Сложив покупки в свой весьма вместительный «колониальный» шлем, путешественник направился к станции. Его перехватил мрачный взгляд нищего.
— Дай грошик! — заныл Синяя Чалма. — Раскрой кошелек, господин язычник, кяфир неверующий. Грошик! Грошик!
— А, факир индийский! Бедняга! — расщедрился путешественник и сунул в подставленную заскорузлую ладонь кредитку. — Грошиков не держим. Вот тебе!
И не слушая слов благодарности, похожих на проклятия, пошел в чайхану.
Самоварчи вытаращил глаза и поперхнулся при виде покупок.
— Очень хорошо, отличный обед получится! Вот разве лука не хватает.
— Подбавь луку.
— У меня в чайхане нет лука. Не держим.
Получив деньги, самоварчи сбегал за луком.
— Очень хорошо, — приставал он. — Вот перца у меня нет. Не держим.

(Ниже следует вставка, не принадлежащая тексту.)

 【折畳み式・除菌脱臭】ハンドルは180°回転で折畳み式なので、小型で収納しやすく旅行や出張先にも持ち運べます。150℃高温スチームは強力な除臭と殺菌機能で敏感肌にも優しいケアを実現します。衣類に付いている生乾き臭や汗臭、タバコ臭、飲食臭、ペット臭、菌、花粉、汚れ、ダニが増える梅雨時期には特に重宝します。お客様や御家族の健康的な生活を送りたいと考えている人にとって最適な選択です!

Пришлось вновь авансировать самоварчи.
— Без моркови вкус не тот. Но... не держим.
Хорошо, что базар находился рядом, и все необходимое, правда, не в одни прием, удалось приобрести довольно скоро.
— Что поделаешь — у пищи пять товарищей,— ухмылялся чайханщик,— злой перец, ароматичный тмин, враг обоняния — чеснок, умягчитель души — масло и поцелуй пери — морковка. Да еще, чуть не забыл, плакса-лук!

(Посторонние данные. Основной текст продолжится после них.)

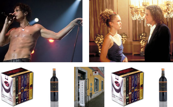 Yep, Chris Cornell was sitting at the breakfast table with me … well, by way of a ticket to his upcoming acoustic concert!!! And there was the Sookie Stackhouse books and Malbec wine (notice the orange) and the 10 Things I Hate About You blu ray and chocolates. Oh were there ever chocolates: milk chocolate, dark chocolate, lavender chocolate, almond and sea salt chocolate = yu-um! All things I do so very much love.

За казаном и дровами почтенный чайханщик ходил куда-то чуть ли не целый час, и путешественник изныл от ожидания и голода.

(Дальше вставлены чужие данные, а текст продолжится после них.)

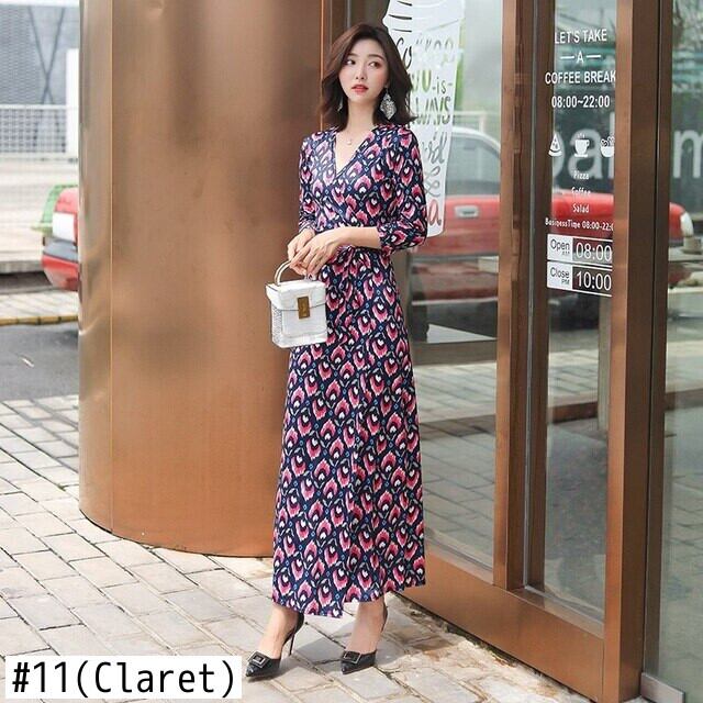 Pinkoz 赤花柄プリント ターン ダウン襟レース アップ マキシ ドレス サッシ春夏プラス サイズ 2xl ルーズ カジュアル ファッション衣類 ピンク レッド 大きめサイズ スプリング 春物 サマー 夏物 レースアップ

Наконец появились и казан, и дрова.
Станция огласилась бодрящими, многообещающими звуками: звонко гремела железная шумовка о стенки котла. Еще громче и звонче покрикивал самоварчи:
— Пищу готовлю! Мясо поджариваю. Скоро! Скоро! Пищу сготовлю! Огонь дрова пожирает! Лук сало съедает!
Песню свою чайханщик прерывал, и не раз, лишь для того, чтобы потребовать от заказчика: деньги за дрова, деньги за труд, деньги за пищу. Он тут же и получал их, а тем временем из очага валили клубы дыма, затянувшего все станционные пути, в них смутно угадывался силуэт «Овечки», ставшей похожей на сказочное чудовище.
Но вместе с дымом повсюду распространялись божественные, бесподобные, восхитительные запахи, и путешественник, томившийся с чайником кокчая на кошме, то и дело вскакивал и подбегал к краю помоста, чтобы заглянуть в котел. А там шкворчало, шипело, урчало нечто очень приятное, золотистое, по размерам походившее на упитанного гиссарского барана. Но размеры не пугали. Молодой аппетит все преодолевает. А путешественник был молод и отсутствием аппетита не страдал и, едва опорожнив пиалу, бежал снова к очагу убедиться, что дым очага сделался еще более терпким, а запах из котла еще приятнее...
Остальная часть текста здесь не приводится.